Pois bem, Canadá e Estados Unidos chegaram à final do torneio. E mesmo que num primeiro embate, na primeira fase do torneio, os EUA tenham batido o Canadá, Donald Trump, na sua arrogância, talvez se tenha esquecido que o Canadá é mesmo a grande nação do hóquei no gelo a nível mundial, até porque nunca ninguém ganhou tantas medalhas de ouro olímpicas (9) e tantos campeonatos do mundo (28). A NHL, apesar de hoje ser uma liga com muito mais equipas dos Estados Unidos do que do Canadá, tem origens canadianas.

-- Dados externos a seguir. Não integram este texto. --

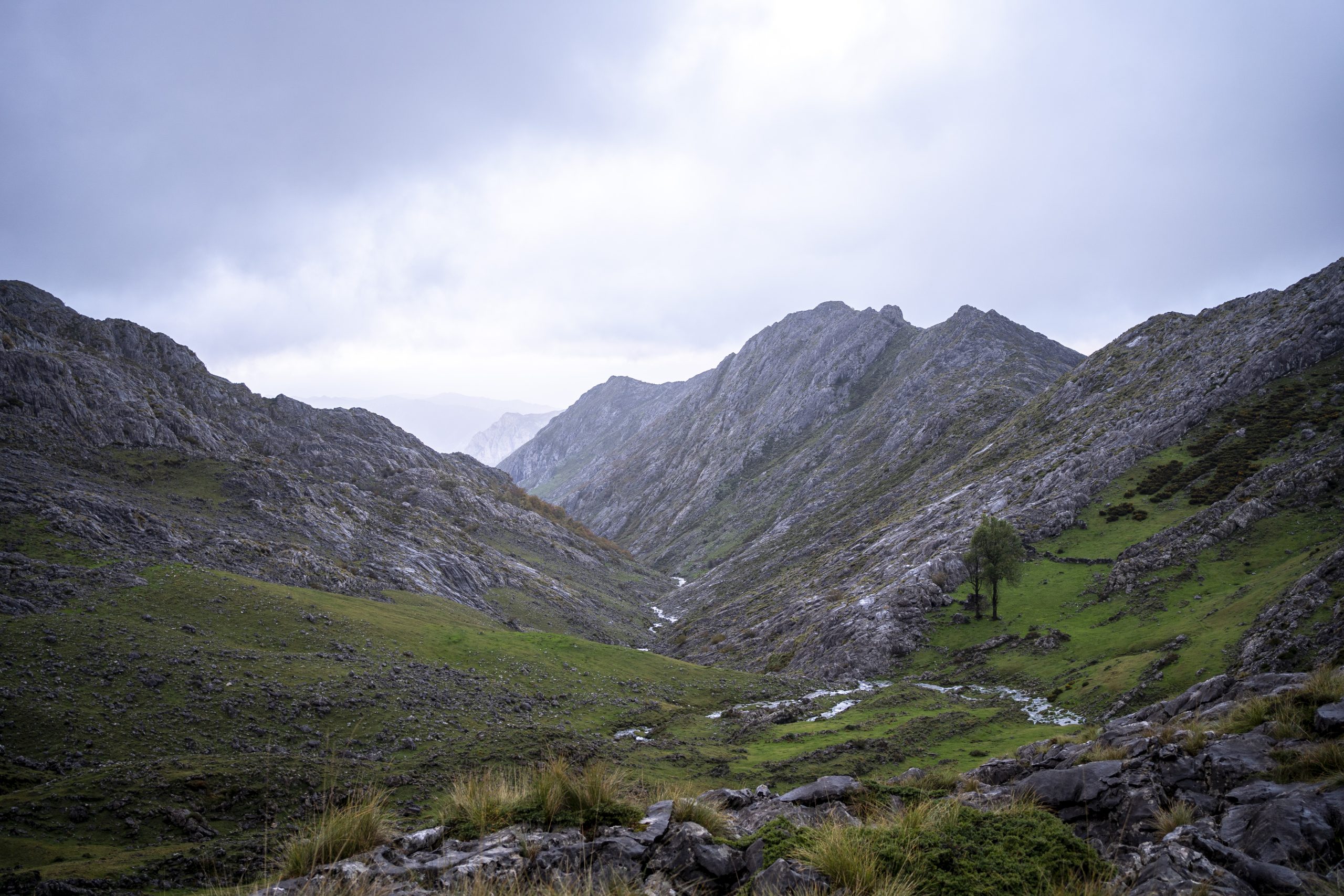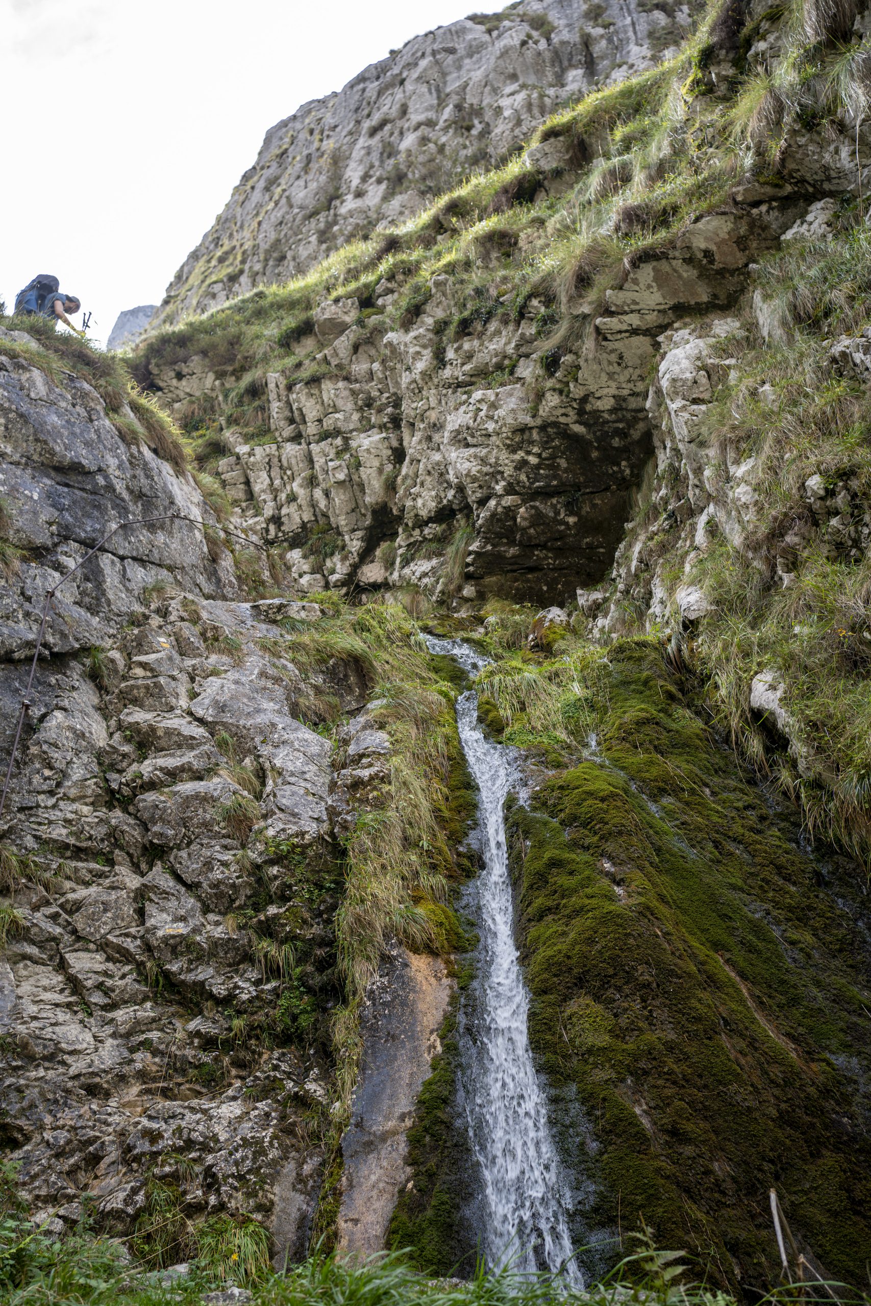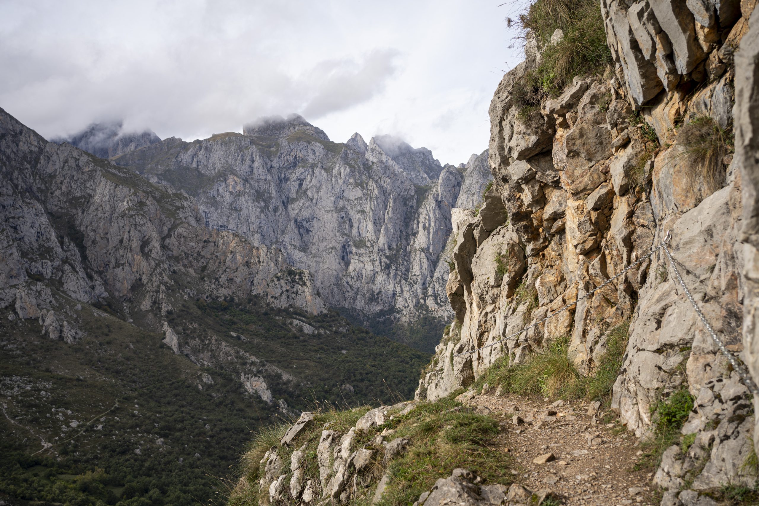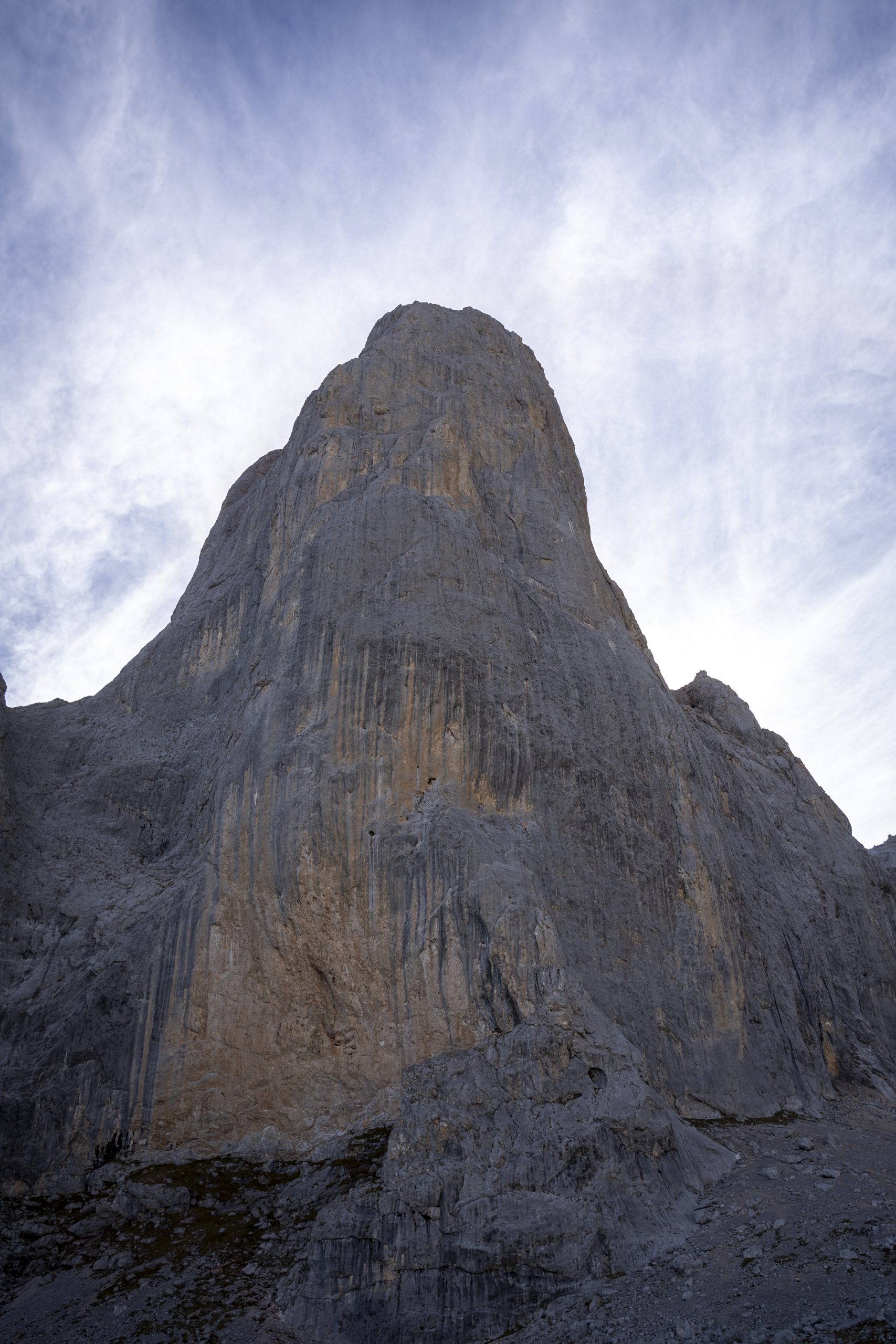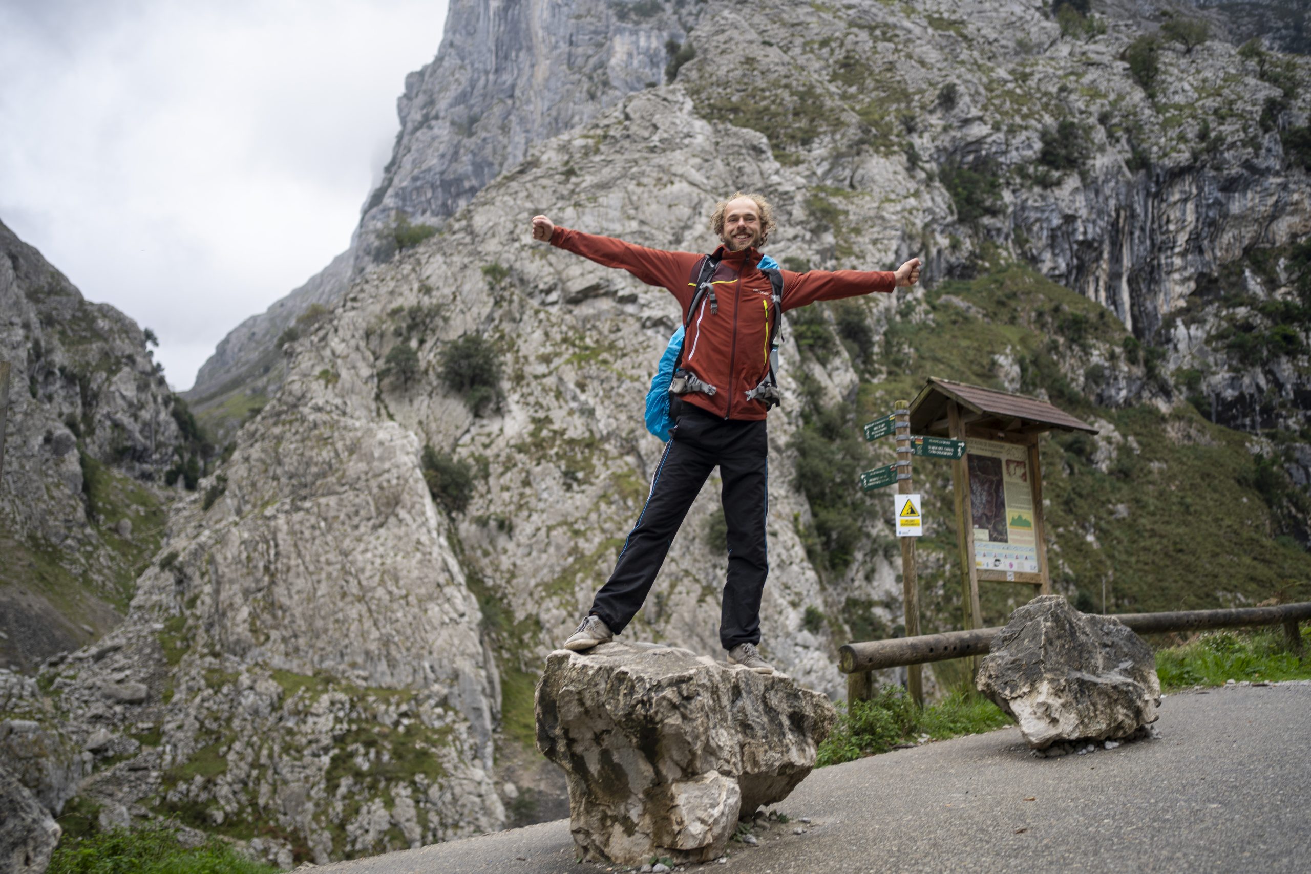 Nach diesen fantastischen Impressionen haben wir gefühlt alles gesehen und konnten zufrieden absteigen. Bloß 300 Höhenmeter aufwärts und 2400 abwärts trennten uns jetzt noch von dem Hostel in Poncebos, welches *spoiler* geschlossen hatte. Besonders in der ersten Stunde war der „Weg“ recht anspruchsvoll, jedenfalls wiesen darauf die Schilder hin, mit der Anmerkung, dass die Sicherungsseile entfernt werden mussten. Aber für erfahrene MOUNTAINGOATS wie uns, ist das gar kein Problem. Später ging es dann noch am Pico Urriellu, dem populärsten Berg der Region vorbei, der vor allem für Kletterer mit seinen zahlreichen Routen interessant ist. Ab da wurde es wieder grün und um die Bachläufe, denen wir 10km folgten, bedeckte Moos die Steine und die Atmosphäre war paradiesisch.

E mais de 42% dos jogadores da NHL são canadianos, contra os menos de 30% de norte-americanos.

Um jogo que em tempos seria apenas mais um embate entre duas nações rivais no desporto, mas amigas, tornou-se, assim, e à conta da política, num espectáculo de patriotismo e, no final, numa chapada para o presidente dos Estados Unidos.

E começou logo no hino nacional do Canadá. No TD Garden de Boston, a cantora Chantal Kreviazuk fez uma pequena alteração à letra para responder ao acinte de Donald Trump. Em vez de “o verdadeiro amor patriota está em todos nós”, Kreviazuk cantou “o verdadeiro amor só está em nós”, numa tradução livre. Mais tarde, nas redes sociais, a cantora confirmaria que a mudança foi propositada.

O jogo foi feito de emoções e reviravoltas. Mas menos violento do que o primeiro encontro, em que aos nove segundos já tinham acontecido três cenas de pancadaria entre os jogadores. Na quinta-feira, o Canadá começou a ganhar, os Estados Unidos viraram para 2-1, com os canadianos a empatarem 2-2 antes do fim do tempo regulamentar. Seguiu-se prolongamento com morte súbita, com o guarda-redes do Canadá a fazer algumas defesas heróicas antes de Connor McDavid marcar o golo da vitória canadiana.

O triunfo foi muito mais do que desporto e Justin Trudeau não demorou a ter a última palavra. Após o final do jogo, o primeiro-ministro canadiano escreveu no X: “Não podes tomar o nosso país - e não podes tomar o nosso desporto”. Já Donald Trump nada mais postou sobre hóquei no gelo desde a derrota.